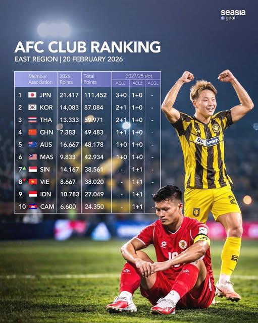 Áp lực chưa dừng lại khi Indonesia đang bám sát phía sau, còn Thái Lan duy trì vị thế dẫn đầu khu vực Đông Nam Á với 59.971 điểm, xếp thứ 7 châu Á. Sự chênh lệch cho thấy bóng đá Việt Nam đang đứng trước nguy cơ tụt lại nếu không cải thiện thành tích ở cấp CLB trong những mùa tới.
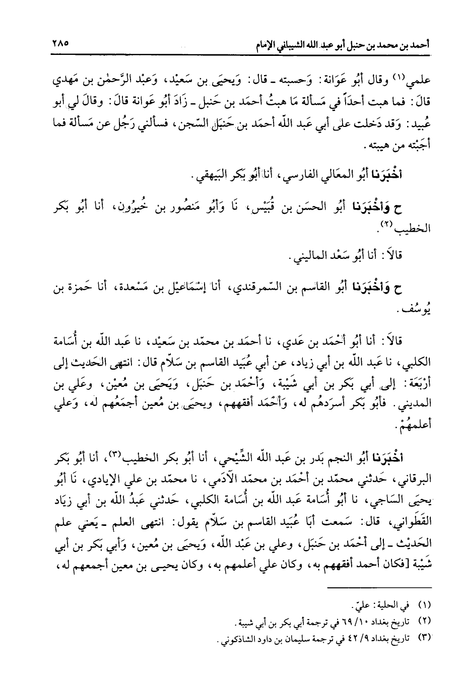 (3) تاريخ بغداد 9 / 42 في ترجمة سليمان بن داود الشاذكوني
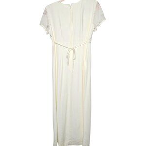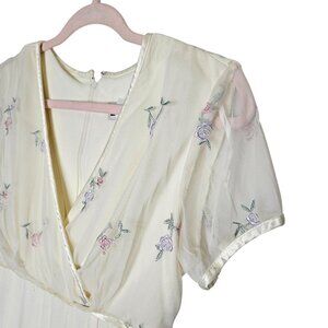 Vintage 90s Y2K Maurices Cream Embroidered Maxi Dress Sheer Floral Slit Size 7-8

•••••

What is required »
What is needed is an exact copy of every line from the one with "(3) تاريخ بغداد" to the end of the listing above, with the pictures left out.

Output of the exercise »
 (3) تاريخ بغداد 9 / 42 في ترجمة سليمان بن داود الشاذكوني
 Vintage 90s Y2K Maurices Cream Embroidered Maxi Dress Sheer Floral Slit Size 7-8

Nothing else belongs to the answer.